Work required - The lines needed run from the one that contains "Girlanda z napisem" through the end of the material below, both included; write them out exactly, with no pictures.
=== Section Start ===
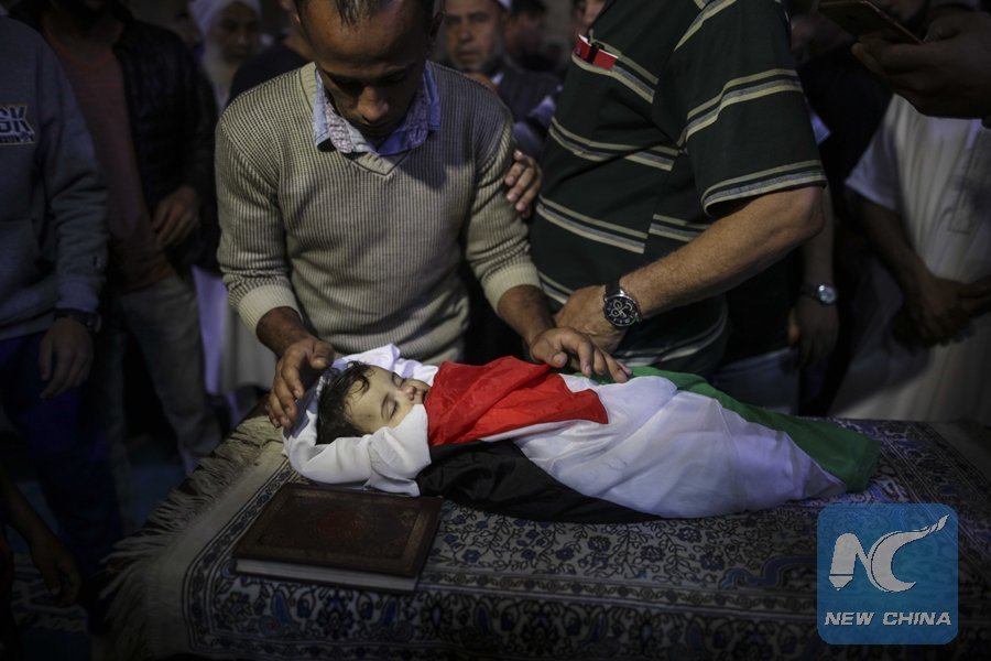 Mourners and relatives attend the funeral of of eight-month-old Palestinian infant Laila al-Ghandour, who died after inhaling tear gas during a protest at the Israel-Gaza border in Gaza City, on May 15, 2018. On Monday, Israeli forces shot dead dozens of Palestinians and injured more than 2,000 others in a day-long confrontation along the Gaza strip-Israel border. (Xinhua/Wissam Nassar)
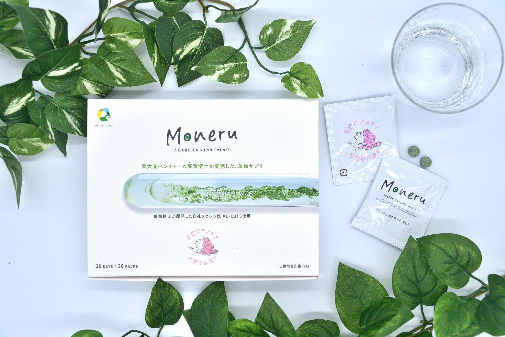 Moneruは、東京大学発ベンチャー アルガルバイオの藻類博士が「良質な休息」に着目して開発した『藻』サプリメントです。多種多様な藻類の中から、カラダの休息に特化した新たなクロレラ株「クロレラAL-0015株」を選抜して配合しました。米国にて開催の「テックトレードショーCES2023」でFood&AgTech部門の「Innovation Awards」を受賞しています。
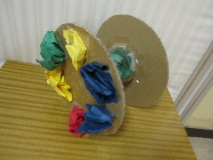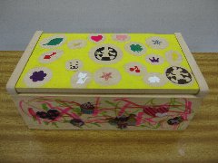 スパッタリングとステンシルで、木箱にもようをつけました。世界にたった一つの宝物になりました。
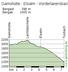 Von der Gamshütte geht es leicht bergauf bis zu den Ausläufern des Spitzeggs, wo es etwas felsig wird. Im Ganzen ist der Weg aber nicht anstrengend. Am Lachtalspitz geht es vorbei, durch die Lachtalscharte hindurch. Danach ein Stückchen Heideland, bis wir schließlich auf der Elsalm ankommen. Wer hier noch gut bei Kräften ist, kann auch über das Trettensjoch nach Lanersbach laufen. Wir wählen den direkten, sehr steilen Abstieg durch das Elsegg.
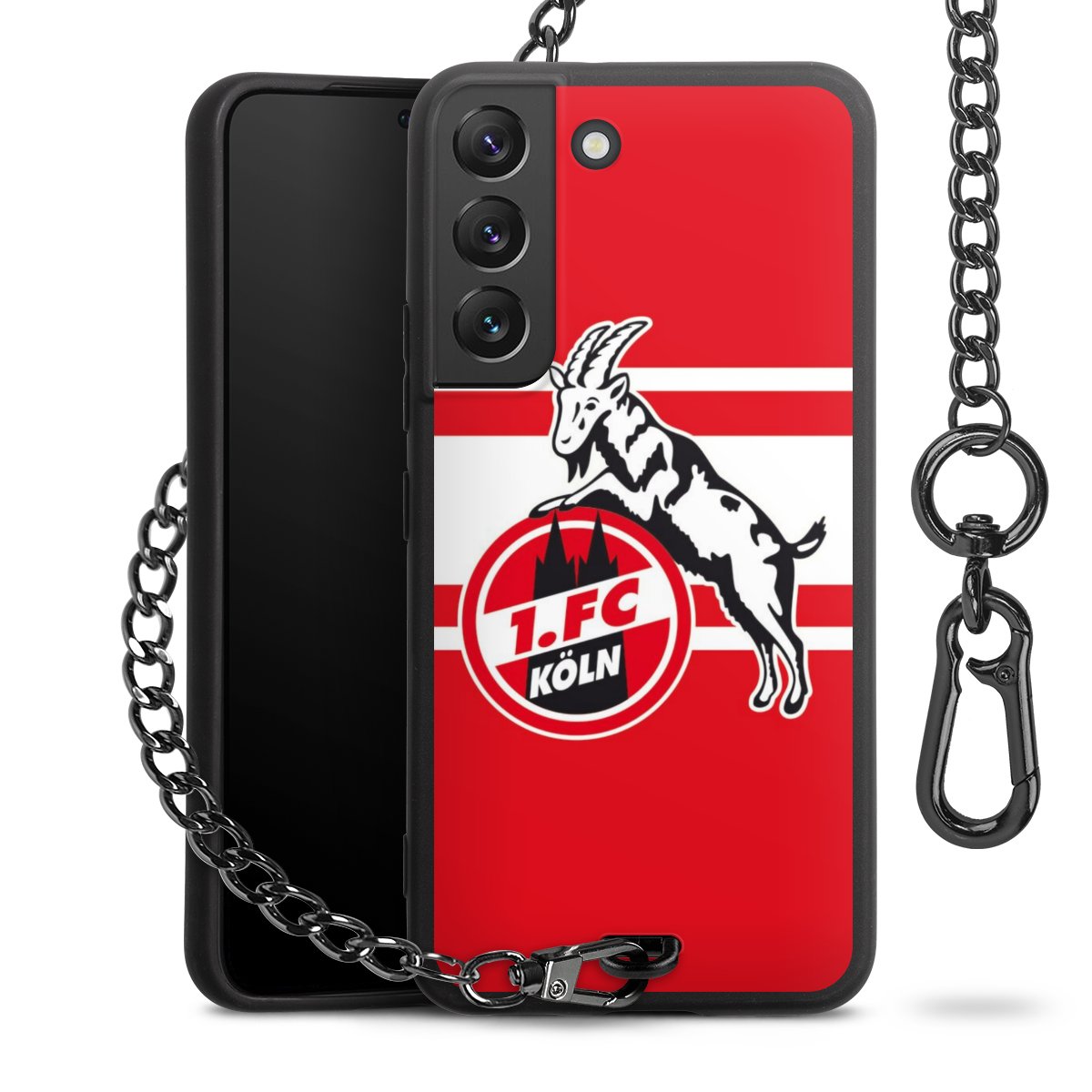 Die Handyhülle verfügt über eine mittig am unteren Rand platzierte Öse, an der die Metallkette stabil befestigt ist. Bestelle die Hülle einfach für Dein Smartphone-Modell, dann passt sie wie angegossen und Du brauchst sie bloß einmal anzudrücken. Handy in die Tasche, Karabiner an den Hosenbund – schon kann die Party starten.
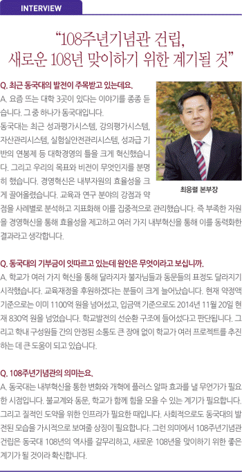 그렇다면 동국대에 이처럼 많은 이들이 기부에 동참하고 있는 이유는 무엇일까? 최응렬 동국대 대외협력본부장은 “‘믿음’과 ‘신뢰’가 바탕이 된 것 같다”고 밝혔다. 동국대는 지난 2011년 김희옥 총장 취임 이후, 과거 3대 사학의 명성을 되찾고 새롭게 도약하자는 의미에서 ‘제2건학’을 선포했다. 그리고 교육 인프라를 대폭적으로 개선·확충하고 성과평가시스템 도입과 다르마칼리지 설립을 통한 교양교육 강화, 학생역량 강화 프로그램인 드림패스제도 시행 등 다양한 교육시스템을 도입했다.
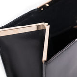 Details: Black Smooth Calfskin Leather / Gold-Tone Hardware / Rectangular Box Shape / Metal Top / Black Leather Lining At Interior / Single Compartment / Single Slit Pocket / Push Lock Closure At Top
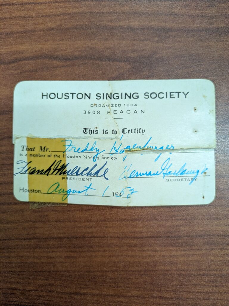 The Houston Saengerbund Records contains songbooks, events programs, ledgers, letters, treasury reports and other materials documenting the activities and administration of the organization from 1874 to 2013. Some of the highlighted materials of interest include a 1952 membership card belonging to a Mr. Freddy Hagenburger when the organization was still known as the Houston Singing Society and located at 3908 Feagan Street in Houston.
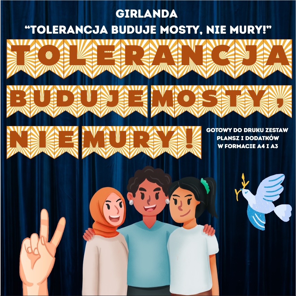 Girlanda z napisem „Tolerancja buduje mosty, nie mury!” to świetna dekoracja do ozdobienia sali lekcyjnej lub przedszkolnej z okazji Międzynarodowego Dnia Tolerancji, który obchodzimy 16 listopada. To hasło doskonale podkreśla wartość współpracy, akceptacji i wzajemnego szacunku – bez względu na to, czym się różnimy. 💙🌍
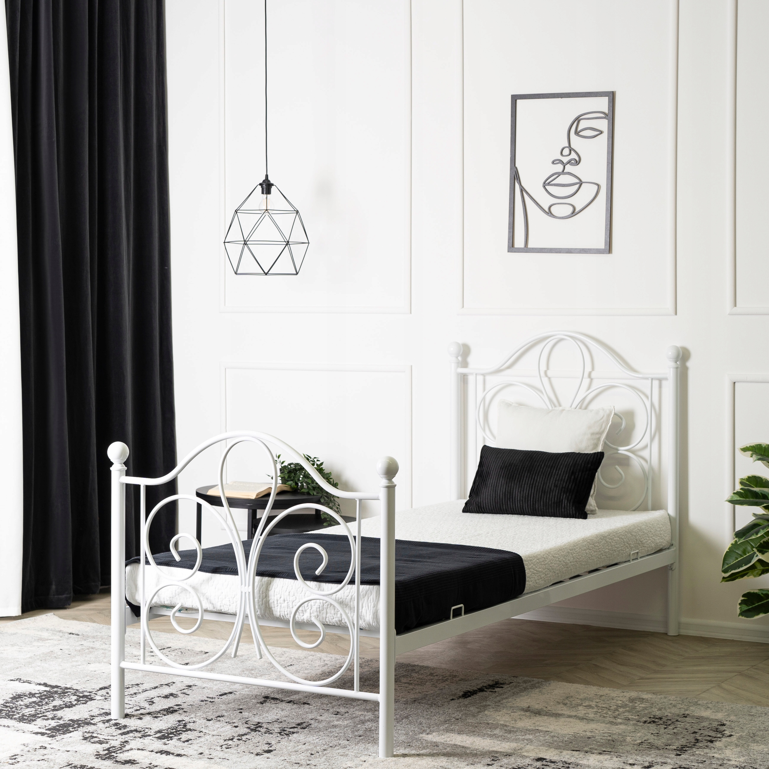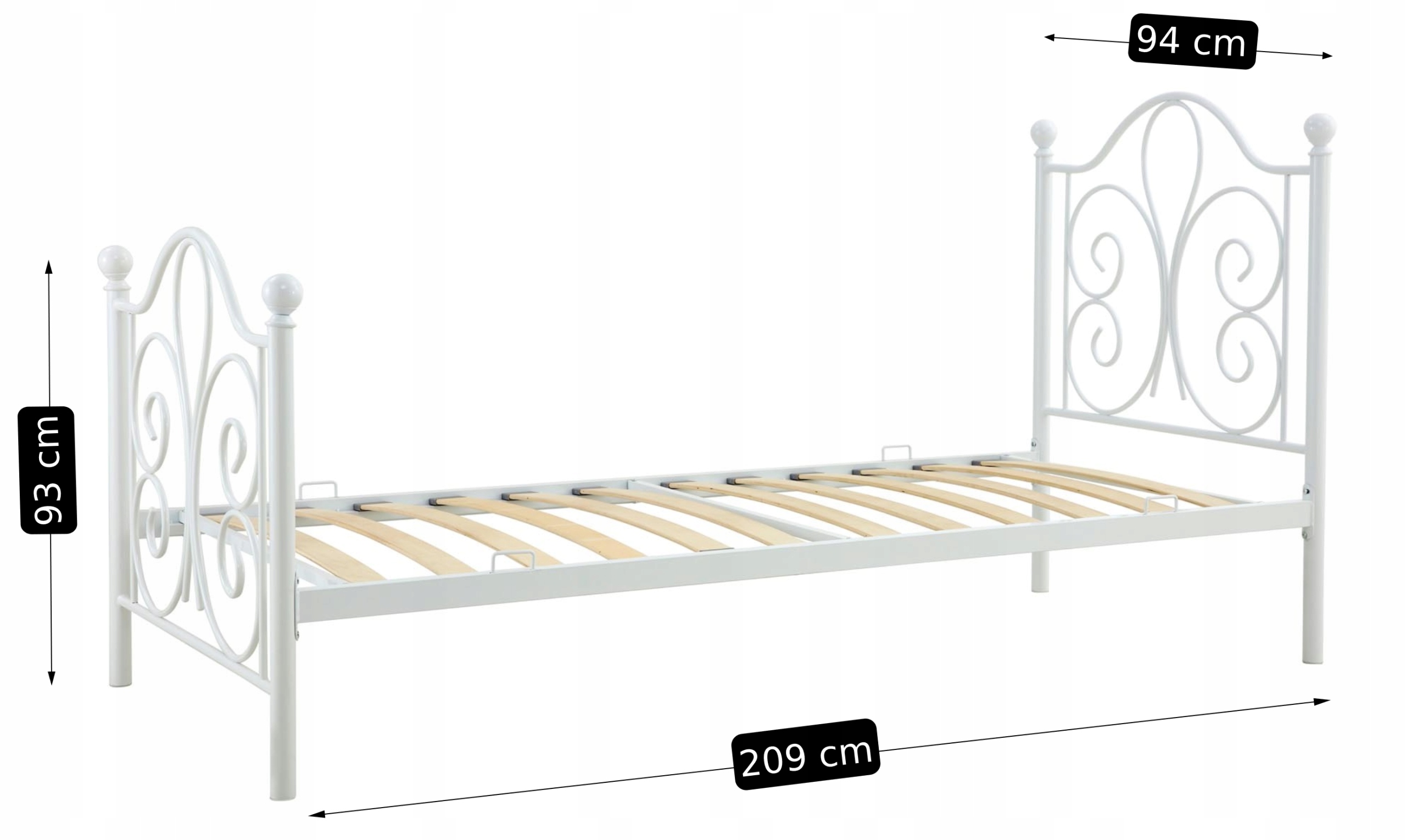 - Łóżko metalowe pojedyncze LORDI 90x200 w kolorze białym (Uwaga: łóżko jest sprzedawane bez materaca)
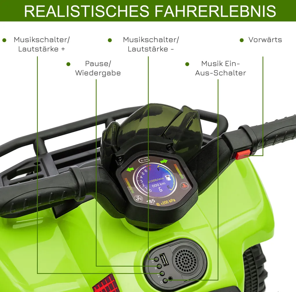 Viele Abenteuer erwarten ihre Kinder mit diesem Elektromotorrad von HOMCOM! Mit innovativer Form und einer schönen Farbgebung eignet es sich für Kinder von18-36 Monaten Kinder. Die 4 verschleißfesten Räder sorgen für eine reibungslose Fahrt auf dem elektrischen Motorrad und ermöglichen den Einsatz im flachen Gelände. Holen Sie sich dieses Elektromotorrad von HOMCOM nach Hause, um Ihre Kinder zu ermutigen, draußen zu spielen. Dieses Elektroauto von HOMCOM bietet jede Menge Fahrspaß!
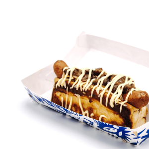 Brioche tierno y sabroso con una salchicha alemana rellena de queso gouda , bañado todo de queso cheddar picante y rabo de toro, terminado con una ligera mayonesa japonesa y un toque picante de siracha.
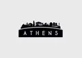 Αυτοκόλλητο τοίχου από βινύλιο που απεικονίζει σημεία της πόλης της Αθήνας και με το λεκτικό "ATHENS" σε μαύρο φόντο.
=== Section End ===
Result below -
 Girlanda z napisem „Tolerancja buduje mosty, nie mury!” to świetna dekoracja do ozdobienia sali lekcyjnej lub przedszkolnej z okazji Międzynarodowego Dnia Tolerancji, który obchodzimy 16 listopada. To hasło doskonale podkreśla wartość współpracy, akceptacji i wzajemnego szacunku – bez względu na to, czym się różnimy. 💙🌍
 - Łóżko metalowe pojedyncze LORDI 90x200 w kolorze białym (Uwaga: łóżko jest sprzedawane bez materaca)
 Viele Abenteuer erwarten ihre Kinder mit diesem Elektromotorrad von HOMCOM! Mit innovativer Form und einer schönen Farbgebung eignet es sich für Kinder von18-36 Monaten Kinder. Die 4 verschleißfesten Räder sorgen für eine reibungslose Fahrt auf dem elektrischen Motorrad und ermöglichen den Einsatz im flachen Gelände. Holen Sie sich dieses Elektromotorrad von HOMCOM nach Hause, um Ihre Kinder zu ermutigen, draußen zu spielen. Dieses Elektroauto von HOMCOM bietet jede Menge Fahrspaß!
 Brioche tierno y sabroso con una salchicha alemana rellena de queso gouda , bañado todo de queso cheddar picante y rabo de toro, terminado con una ligera mayonesa japonesa y un toque picante de siracha.
 Αυτοκόλλητο τοίχου από βινύλιο που απεικονίζει σημεία της πόλης της Αθήνας και με το λεκτικό "ATHENS" σε μαύρο φόντο.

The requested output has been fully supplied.